A primary complication stalling the project is the preservation of local heritage structures and historical remains located within the city cemetery. CEPMO head Rhenan Diwas explained that because the proposed access involves structures that are at least fifty years old, they are automatically considered heritage sites under national laws. He said such status mandates that the local government secure formal consent from the National Commission for Culture and the Arts (NCCA) as well as the National Historical Commission of the Philippines (NHCP).
While the city has completed the initial identification and compilation of tombs belonging to city builders and historical figures, navigating these national heritage clearances adds a thick layer of regulatory delay.
The scope of the project itself has expanded beyond a simple road construction, compounding the timeline. According to Diwas, the road access is intrinsically tied to a master development plan that must address the entire cemetery property rather than just an isolated corridor. The city had initially hoped to alleviate pressure on the current site by establishing a new cemetery elsewhere, but attempts to find alternative land have been completely unsuccessful. The inability to acquire fresh property means the city must focus on redeveloping the current, heavily congested site, making any internal modifications highly sensitive and complex.

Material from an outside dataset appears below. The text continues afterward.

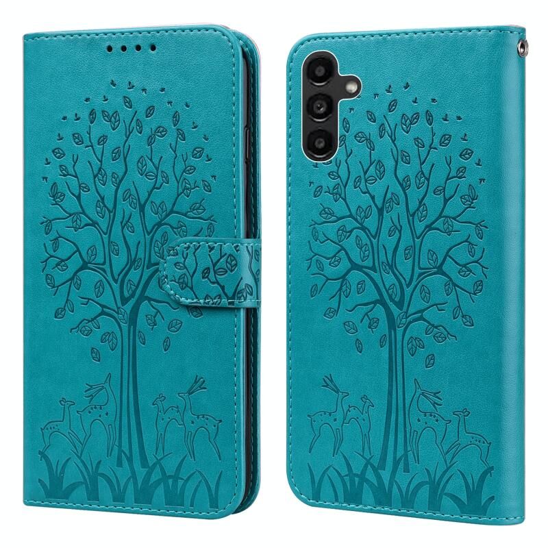 Για Samsung Galaxy A14 5G δέντρο & ελάφια μοτίβο εκτύπωση οριζόντια Flip δέρμα τηλέφωνο υπόθεση (Μπλε)
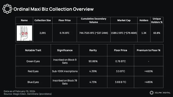 Notably, during Super Bowl 2024, over 3000 new OMBs were inscribed onto Bitcoin with the orange eyes trait, with some inscriptions occurring on some of the oldest Bitcoin sats. These have not yet been made available for sale, and it could pay to watch closely for announcements around this.

Efforts to engage in land banking for a new burial ground have yielded no results despite ongoing property searches. Local authorities have scouted locations in areas like Barangay Loakan, but such attempts have consistently faced stiff opposition from local residents who object to having a cemetery established near their homes. He said that because no space has been identified to absorb the city's burial needs, the local government is forced to work exclusively within the saturated confines of the existing cemetery, severely limiting their operational flexibility and stalling the road project.
Also, Baguio councilor Peter Fianza recalled that the initial concept focused on building a road along the outer perimeter of the cemetery to serve as a sanitary buffer between local residents, referred to as the day dreamers, and the burial grounds. The perimeter road was intended to hit multiple targets by satisfying national sanitation code requirements, providing access for residents and the jail facility, and blocking the cemetery from the immediate view of nearby homes.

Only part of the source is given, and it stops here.